You code can read from or write to the PORTF register to control the functionality of the port F pins. · · · If the data direction is input, a read of PORTF returns the current values of the port F pins. If the data direction is input, a write to PORTF stores the data to be driven on the port F pins. If the data direction is output, a read of PORTF returns the current value of the PORTF register.
4.1.4 Address Decoder
The MAPI FPGA can expose a latched MLB to the MAPI ring. This capability permits communication with (and programming of) the configuration circuit of the MMCFPGA1200 board. This latch mode makes address, data, and control signals on the MAPI ring behave similarly to the way they would behave on a RIM interface. To configure this latch mode, set CMB2102 switch S5, subswitch 2 ON.
Configuring Your Software
4.2 Configuring Your Software
NOTE: The steps below are guidance for starting to use Altera MAX+plusII software. Should you have difficulty preparing your MAX+plusII software, phone Altera customer service for assistance.

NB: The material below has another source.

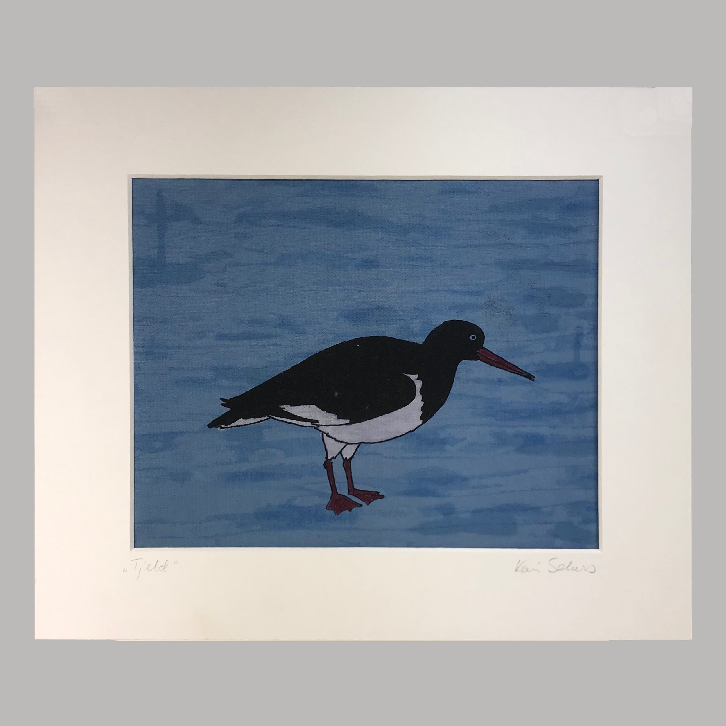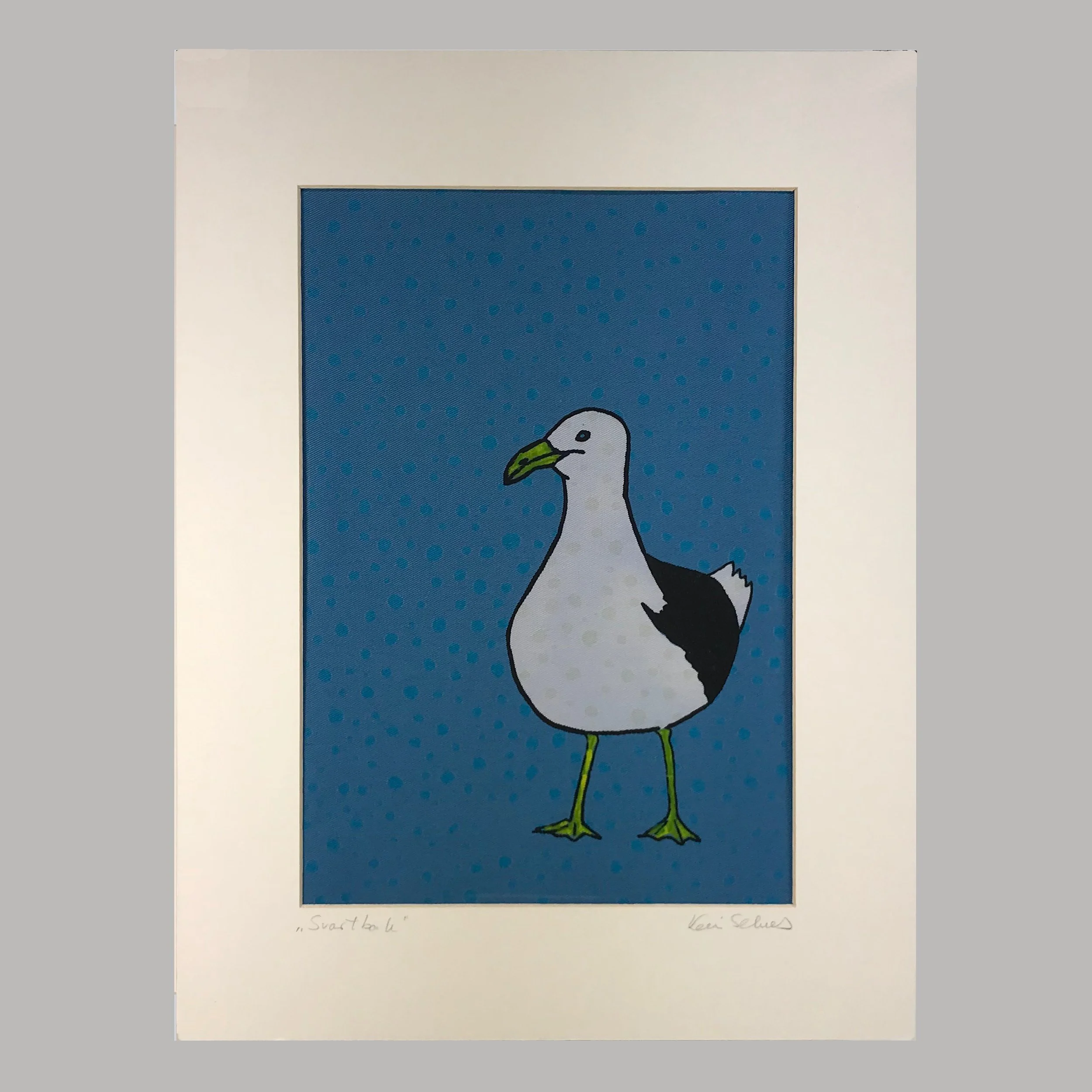 "Svartbak", silketrykk på bomull, montert i passepartout. 40x30cm, kr. 900,-.

Follow the steps below to prepare your Altera development software for use with your CMB2102. 1. Install the Altera development software, per the Altera instructions. 2. Obtain your Verilog authorization code, per the Altera instructions. (If you FAX registration information, this takes only a few hours Altera customer service can provide the FAX number.) 3. Start the Altera software. From the Windows desktop, click on Start, select Programs, select MAX+plusII, and select MAX+plusII again. 4. Open the Options menu and select Authorization Code. This brings up the Authorization Code dialog box. Enter your authorization code in the appropriate field. NOTE: Your authorization code is case sensitive. Make sure to use the correct capital or lower-case letters as your enter the code.
5. Click on the Validate button. The software verifies your authorization code, then displays your software guard ID number. Click on the OK button to close the dialog box. 6. The MAX+plusII main screen appears. If you are new to Altera software, you should go through the Altera tutorial. 7. This completes software preparation. You are ready to develop an application suitable for downloading to the CMB2102 U11 device.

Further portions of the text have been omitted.